YOUR GOAL => Please output the line containing "NETHERLANDS: Willem III, 1849-1890, AR" and all lines that follow it in the data below, exactly, with no pictures.

SOURCE DATA =>

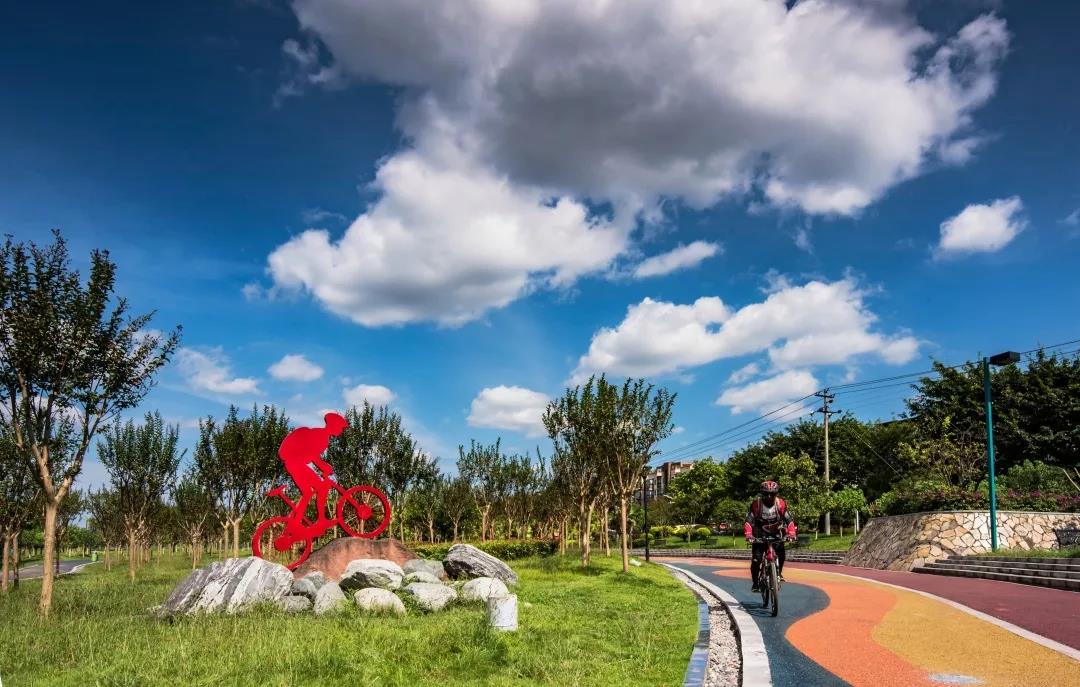 绿道公园,相得益彰。红褐色的绿道,宽敞整洁,随地势起伏而起伏,随地形曲折而曲折,随河水流动而流动,像条彩带在公园旁、树林中、草坪花丛间飘舞翻腾。
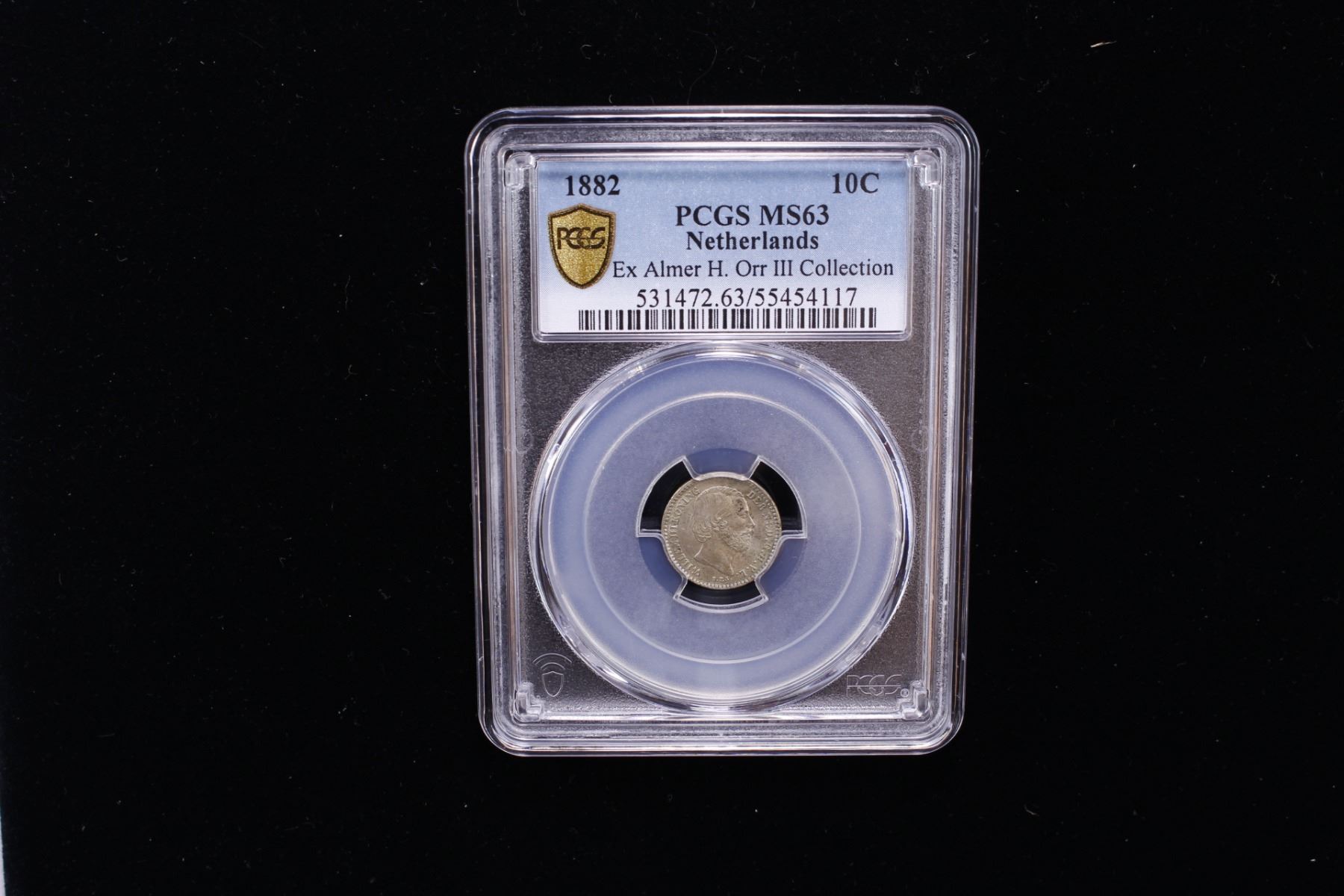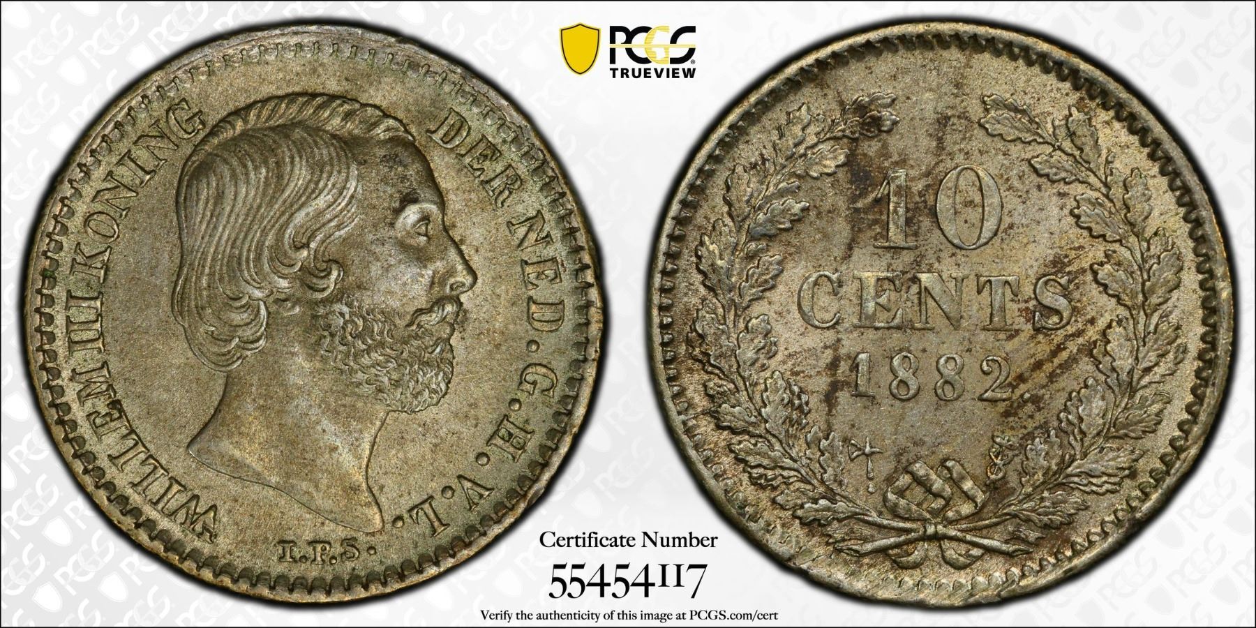 NETHERLANDS: Willem III, 1849-1890, AR 10 cents, 1882, KM-80, broadaxe privy mark, dot after date, PCGS graded MS63, ex Almer H. Orr III Collection.
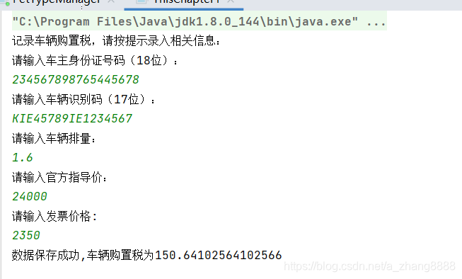 System.out.println("数据保存成功,车辆购置税为"+money);

SOLUTION TO THE PROBLEM =>
 NETHERLANDS: Willem III, 1849-1890, AR 10 cents, 1882, KM-80, broadaxe privy mark, dot after date, PCGS graded MS63, ex Almer H. Orr III Collection.
 System.out.println("数据保存成功,车辆购置税为"+money);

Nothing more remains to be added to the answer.